DATASET RECORDS

*** Block opens ***

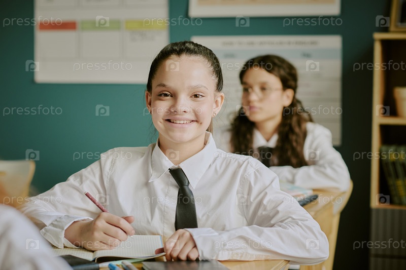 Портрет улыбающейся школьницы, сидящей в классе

*** Block closes ***
*** Block opens ***

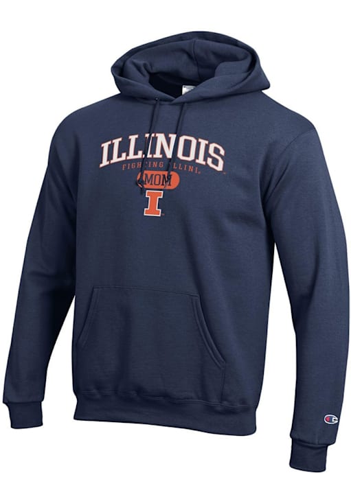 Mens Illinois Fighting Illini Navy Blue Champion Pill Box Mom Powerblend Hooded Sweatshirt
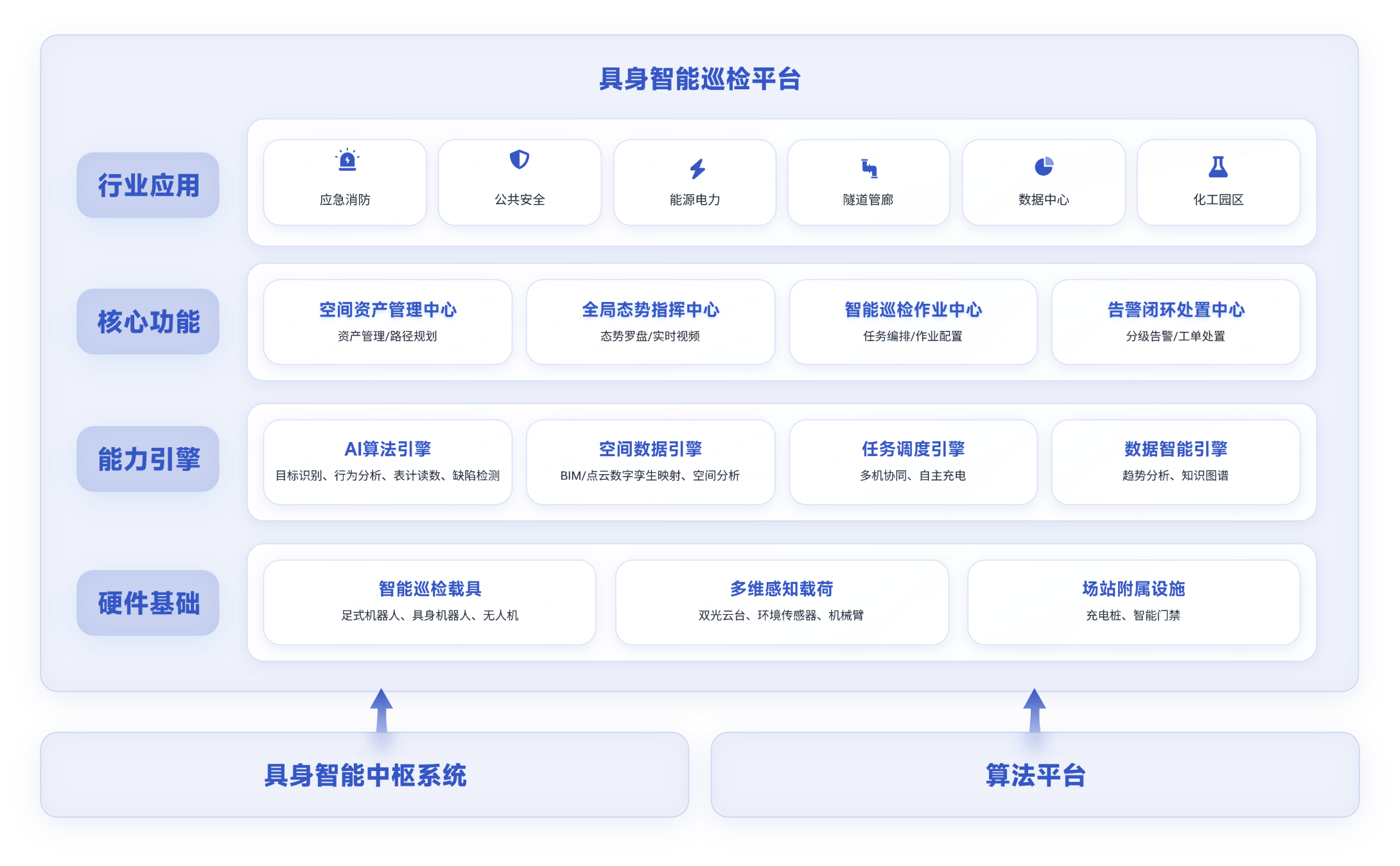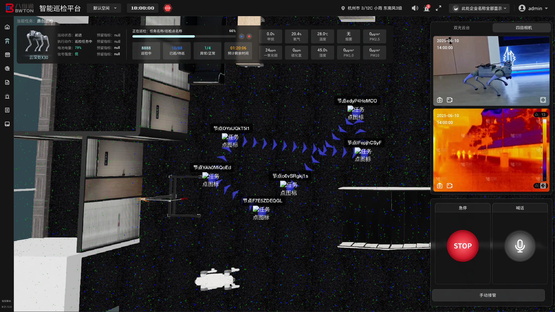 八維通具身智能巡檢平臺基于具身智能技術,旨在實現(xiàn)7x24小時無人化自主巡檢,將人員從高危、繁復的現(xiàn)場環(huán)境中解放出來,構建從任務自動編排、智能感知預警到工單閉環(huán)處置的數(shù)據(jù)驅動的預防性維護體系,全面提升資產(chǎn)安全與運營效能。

*** Block closes ***

Working from the data above, repeat exactly, and only, the lines that begin at the line containing "Mens Illinois Fighting" and stop after the line containing "八維通具身智能巡檢平臺基于具"; pictures are not copied.

 Mens Illinois Fighting Illini Navy Blue Champion Pill Box Mom Powerblend Hooded Sweatshirt
 八維通具身智能巡檢平臺基于具身智能技術,旨在實現(xiàn)7x24小時無人化自主巡檢,將人員從高危、繁復的現(xiàn)場環(huán)境中解放出來,構建從任務自動編排、智能感知預警到工單閉環(huán)處置的數(shù)據(jù)驅動的預防性維護體系,全面提升資產(chǎn)安全與運營效能。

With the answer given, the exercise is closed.